How do you touch the soul? By love or by lust? Can you touch the soul like a body and vice versa? “Eleven Minutes” by Paulo Coelho is a provocative modern fairy tale about the alchemy of love. Maria, a young woman from the Brazilian hinterland, finds her way to Europe out of a thirst for adventure and the search for great love. She becomes a sex worker and Coelho describes her reflections about sexuality, lust, and love.

Thoughts like “In love, no one can harm anyone else; we are each of us responsible for our own feelings and cannot blame someone else for what we feel” or “Keeping passion at bay or surrendering blindly to it – which of these two attitudes is the least destructive?” encourage self-reflection in this book. The author gives the reader exciting impulses throughout the book. “Sex has come to be used as some kind of a drug: in order to escape reality, to forget about problems, to relax. And like all drugs, this is a harmful and destructive practice. … A person who lives life intensely enjoys the time, even without sex. And when having sex, it’s out of abundance. Like a glass of wine that is filled until it inevitably overflows. The physical union is just as inevitable, because at this moment one accepts the call of life, because then – and only then – we are able to let go, to give up control.”

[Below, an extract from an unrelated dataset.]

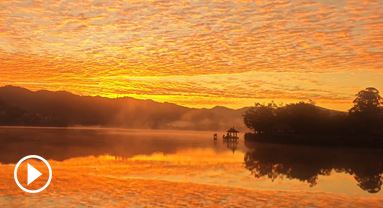 云南普洱:日光透薄霧 霞彩鋪天際

Maria gets to know and enjoy the world of SM with a customer: “When I had nothing more to lose, I was given everything. When I ceased to be who I am, I found myself. When I experienced humiliation and yet kept on walking, I understood that I was free to choose my destiny.” Coelho describes interesting lines of thought in this topic as well, and with the insights of a Japanese lumberjack and the principles of Shugendō, Maria’s worldview is “adjusted” (whether it is necessary or not remains questionable).

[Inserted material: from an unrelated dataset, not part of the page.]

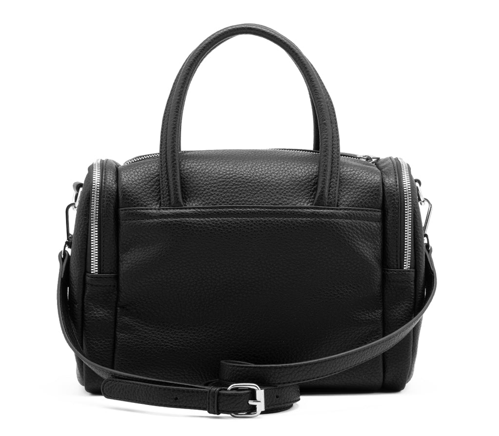 Eleganza strutturata e spirito urban si incontrano nella borsa a bauletto Vega per la stagione SS26, un accessorio versatile progettato per chi cerca capienza e stile in un unico design. Realizzata in ecopelle nera dalla grana naturale, questa borsa si distingue per la pulizia delle linee enfatizzata da una tasca orizzontale frontale con zip e cursori metallici a vista. I doppi manici sottili e la tracolla rimovibile offrono una portabilità impeccabile, rendendola la compagna ideale per attraversare la città con un'attitudine sofisticata e grintosa. Dimnsioni: 30x20,5x10,5.

A beautiful metaphor from the book “Eleven Minutes” is quoted here: “Once upon a time, there was a bird. He was adorned with two perfect wings and with glossy, colorful, marvelous feathers. One day, a woman saw this bird and fell in love with him. She invited the bird to fly with her, and the two travelled across the sky in perfect harmony. She admired and venerated and celebrated that bird. But then she thought: He might want to visit far-off mountains! And she was afraid, afraid that she would never feel the same way about any other bird. And she thought: “I’m going to set a trap. The next time the bird appears, he will never leave again.” The bird, who was also in love, returned the following day, fell into the trap and was put in a cage. She looked at the bird every day. There he was, the object of her passion, and she showed him to her friends, who said: “Now you have everything you could possibly want.” However, a strange transformation began to take place: now that she had the bird and no longer needed to woo him, she began to lose interest. The bird, unable to fly and express the true meaning of his life, began to waste away and his feathers to lose their gloss; he grew ugly; and the woman no longer paid him any attention, except by feeding him and cleaning out his cage. One day, the bird died. The woman felt terribly sad and spent all her time thinking about him. But she did not remember the cage, she thought only of the day when she had seen him for the first time, flying contentedly amongst the clouds.”

All of us will have acted this way before. Unconsciously, driven by supposed love, passion or behind the pretext of fetishism, but inflicting suffering on us or others out of weakness or fear without having questioned our actions. Stories and challenges like this make this book absolutely worth reading.